The attack occurred shortly after 2 p.m., when around 15 members of the anarchist group ran up the steps to Parliament and hurled bottles of red paint at its facade.
It appears that they initially posed as tourists before making a run for the stairs behind the Monument of the Unknown Soldier. After throwing the paint, the vandals lobbed two smoke bombs to facilitate their getaway.
A 36-year-old man, one of the group’s founding members, was arrested and is expected to face a prosecutor Wednesday.
In a statement posted on the internet, Rouvikonas said the attack was in solidarity with Dimitris Koufodinas, the convicted November 17 hitman who is in the third week of a hunger strike in protest at authorities’ refusal to grant him a furlough. It was the latest in a series of acts of vandalism and protest by anarchists defending the 61-year-old terrorist that have targeted banks, political offices and the capital’s central shopping district.
The fact that Rouvikonas gained access to Parliament, however, was an embarrassment for ELAS, as the group has targeted the House twice before, once in April 2015 and again in July 2017.
Also, the force had sought to boost its surveillance of potential targets following the attack on US Ambassador Geoffrey Pyatt’s residence last week. ELAS’s leadership has ordered an investigation into the security lapse.
Citizens’ Protection Minister Olga Gerovasili reportedly expressed discontent to colleagues Tuesday as authorities had underlined the risks of an attack on Parliament.
Political parties condemned the vandalism. “Such acts are deeply undemocratic and have no connection to social struggles,” the office of Prime Minister Alexis Tsipras said. Ruling SYRIZA also condemned the “undemocratic act of vandalism,” which, it said, was “unanimously opposed by the Left and democratic forces.”
Conservative New Democracy said the vandalism of Parliament’s facade by Rouvikonas was “the straw that broke the camel’s back.”
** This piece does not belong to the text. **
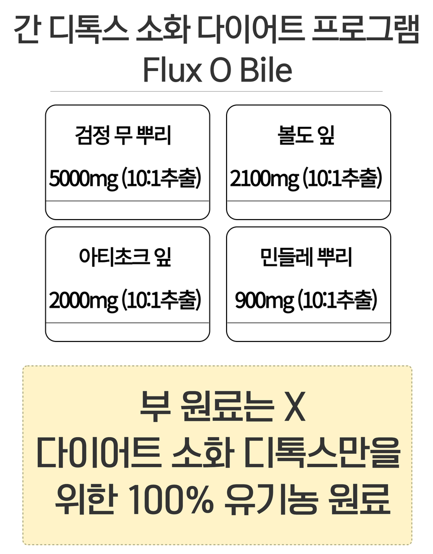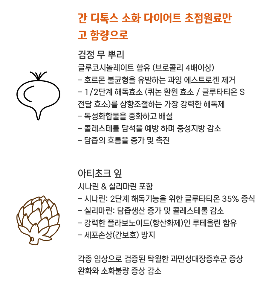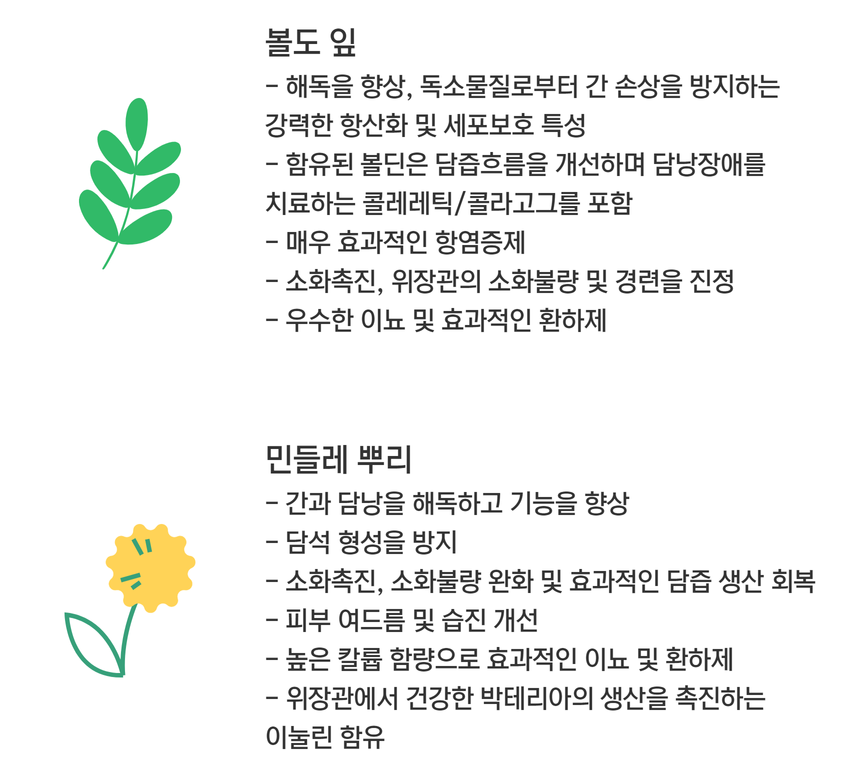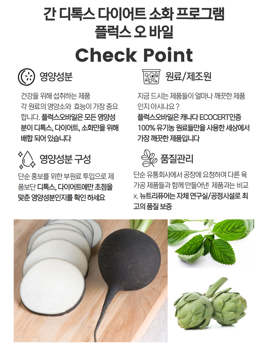 •100% 유기농원료의 간 세척과 담즙기능 자극으로 소화기능 향상

“It is the absolute disgrace of a state, which in four days faces elections, and cannot even protect the building that represents Greek democracy,” ND’s spokeswoman Sofia Zacharaki said. Such lawlessness will “end very soon.”
“The government’s tolerance of violence and of the supposedly leftist agents [of violence] is developing into complicity and a daily threat for society,” Movement for Change leader Fofi Gennimata remarked.
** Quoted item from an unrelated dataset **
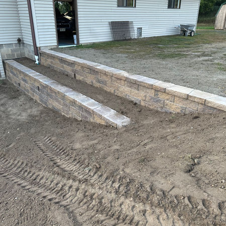 Revitalize with Redline Lawn and Landscape: We replaced a decaying timber wall, fixed drainage, and built a sturdy two-tiered block retaining wall. Elevate your landscape with our lasting solutions.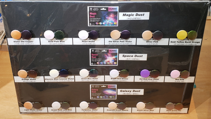 色味も豊富でマジックダスト、スペースダスト、ギャラクシーダストの3セット各6色入りでそれぞれ色味に特徴があり、どのカラーも捨てがたい美しい偏光カラーとなっております!

Greek anarchists have scaled up acts of protest and vandalism since May 2, when Koufodinas launched a hunger strike to protest a judicial council’s refusal of his latest request for a furlough.
Supreme Court prosecutor Xeni Dimitriou intervened last Friday, hours after the 61-year-old convict was moved into intensive care, appealing the denial.
The Supreme Court on Tuesday discussed her appeal and is expected to announce its decision Thursday or Friday.